I flew United Airlines to London Heathrow. The SFO United club, which I was able to get into as a Gold member with an international ticket, had a lot of good food to graze on in advance. I experimented this time with Premium Economy, about half the cost of Polaris business class, and found that it was reasonably decent. The seats are relatively narrow and recline only a little bit more than a standard economy seat, but I was able to get into bulkhead rows in both directions, so was moderately comfortable. Relying on Ambien, a fancy neck pillow, and a premium eye mask, I was able to get four hours of sleep during the overnight flight and thus I adjusted to jet lag pretty well. I did not eat dinner on the plane because I needed to sleep, but the breakfast was quite poor, so I doubt I missed much.

My Premium Economy seat

Tuesday, September 5 — London

Arriving at Heathrow I checked into the Hilton Garden Inn next to terminal two; since the tour departs from the airport at 10 AM tomorrow, there was really no way to plan an itinerary that arrived in the UK the same day to be assured of meeting the group. Since I had an entire afternoon free, I took the Elizabeth Line to Paddington Station and walked 15 minutes up the Grand Canal to the area called Little Venice.

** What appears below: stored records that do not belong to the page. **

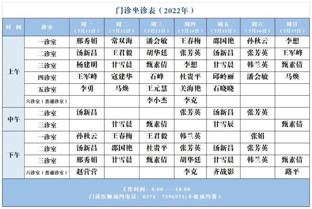 【坐诊信息】许昌市建安医院门诊坐诊表(2022年7月11日-7月17日)
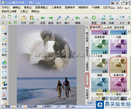 點(diǎn)擊“右側(cè)工具條”—影樓效果—經(jīng)典懷舊。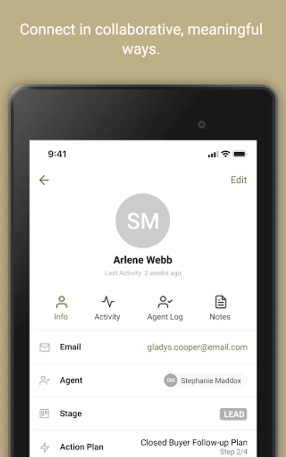 The Century21® CRM is a powerful tool, allowing you to interact with your clients and leads direct from your mobile device. Easily gain insights into your contacts' preferences, including what homes and neighborhoods they are searching and saving. Take these valuable insights and assign your contacts to appropriate action plans, suggest collections, exchange comments on viewed homes, and much more. With the C21® CRM, you will stay in touch and in the know.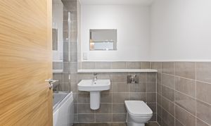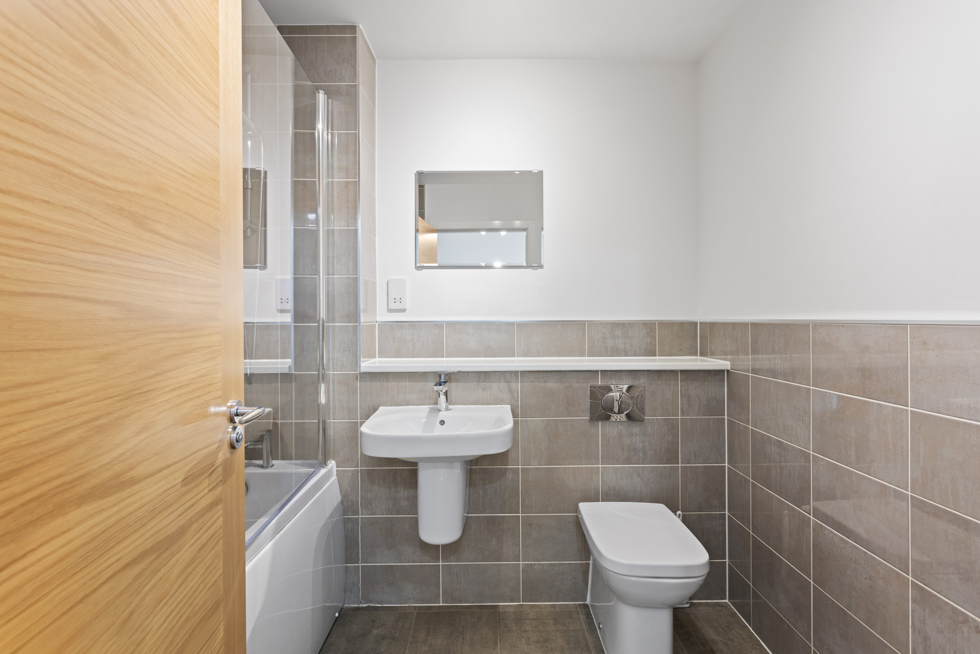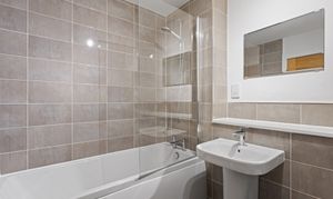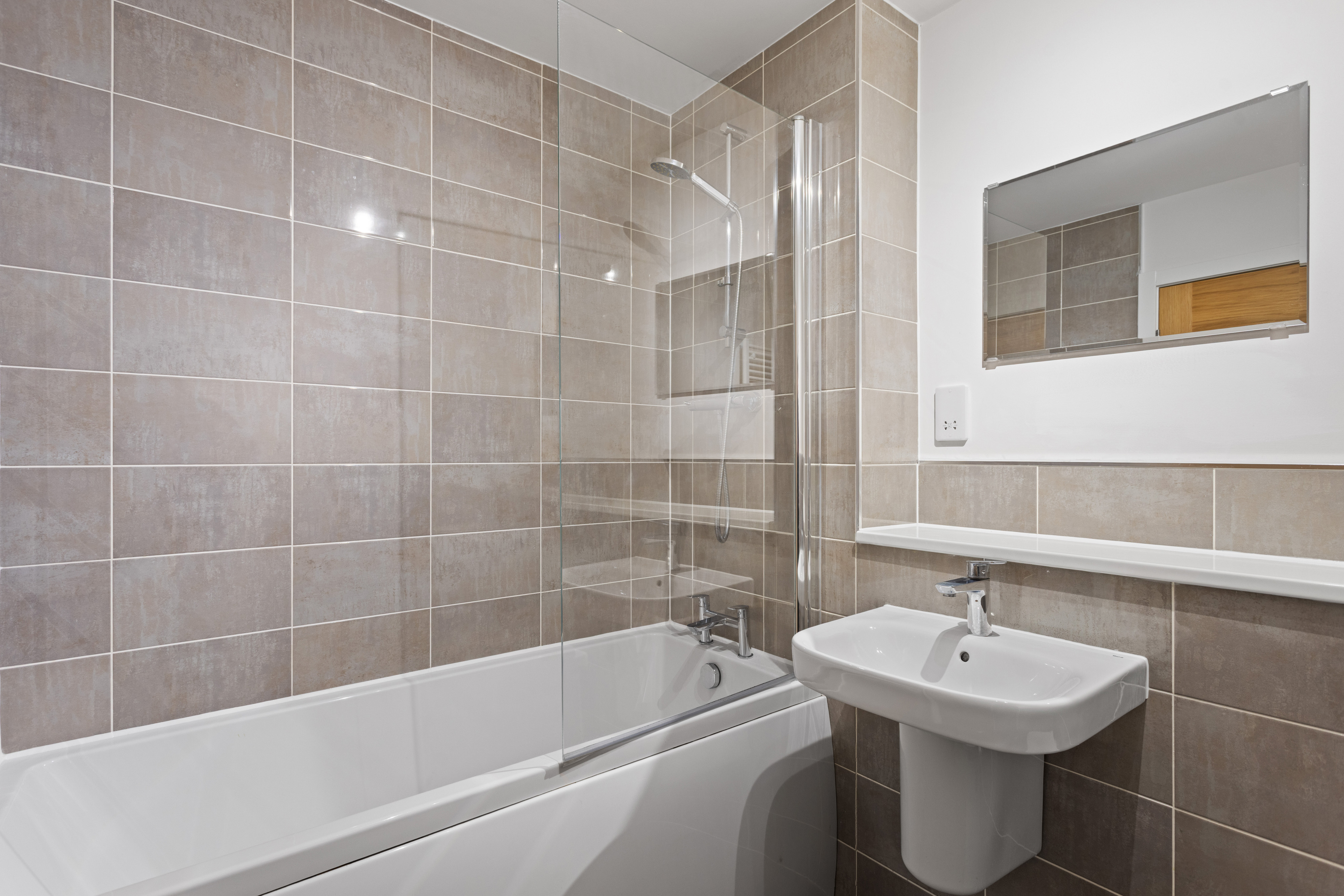 The bathroom is finished to a high standard, with stylish full height neutral tiling. It features a modern suite including a bath with overhead shower and glass screen, a sleek wall mounted sink, and quality fittings that create a polished, contemporary look while remaining practical for daily use.

I booked a 45-minute ride on a narrow boat on Regent’s Canal. If you have ever seen films of London in which there are people living in long, low houseboats on the canal, this is where that happens, and it is an area that I have never visited in my many trips to London. Our guide said that the boats only cost about 50,000 pounds—and a lot of them are very dilapidated—but you have to add rather hefty maintenance/mooring fees, and there is a 25 year waiting list. A lot of rich folks live in mansions overlooking the canal.

Canal riding
Canal riding
Canal riding

We sailed at about 3 miles an hour right through the northern end of Regents Park, which includes a zoo, but we were unable to see any animals close to the canal. We ended up in Camden, which is a very interesting neighborhood that is about 50% bohemian, 50% tourist, with numerous food stalls and souvenir vendors. If it had been lunchtime, I could’ve found at least 20 stalls that had food enticing me, although it would have been very hard to select just one or two. One silly reason I wanted to go through this area was it is the locale of a British TV comedy program Nancy and I enjoy called Trying.

Camden market
Camden market
Camden market
Camden locks

I walked a couple of miles—in rather unseasonable high 80s° weather—to the British Museum, which I had not visited in many years, but found rather uninteresting. I saw the Rosetta Stone and the Elgin Marbles again. Then I walked another 1+ miles to Trafalgar Square and ate in a Neapolitan pizzeria that I read about online, 50 Kalò, which was quite good. They had an interesting wine list that had a number of Aglianico wines from Paestum, which I had sampled and enjoyed last year on my trip to Italy with Stephen Ambrose.

British Museum
Rosetta Stone

Go to the museum tour page.

Wednesday, September 13 — Cambridge Cavendish Laboratory

I returned to Cambridge to see the legendary Cavendish Laboratory, satisfying some of my amateur interest in the nuclear physics that led to the Manhattan Project. This trip was an easy one with a leg on the underground to Kings Cross Station and then about an hour on the Great Northern Railroad to Cambridge. Once there I did not bother with a taxi and did the 3 mile walk in very pleasant weather, much cooler today than it was last week. The laboratory requires appointments for a one hour unguided visit, so I made mine months ago. Although we passed by the original Cavendish during our walking tour, the current laboratory has been on the newer west campus since the 1970s.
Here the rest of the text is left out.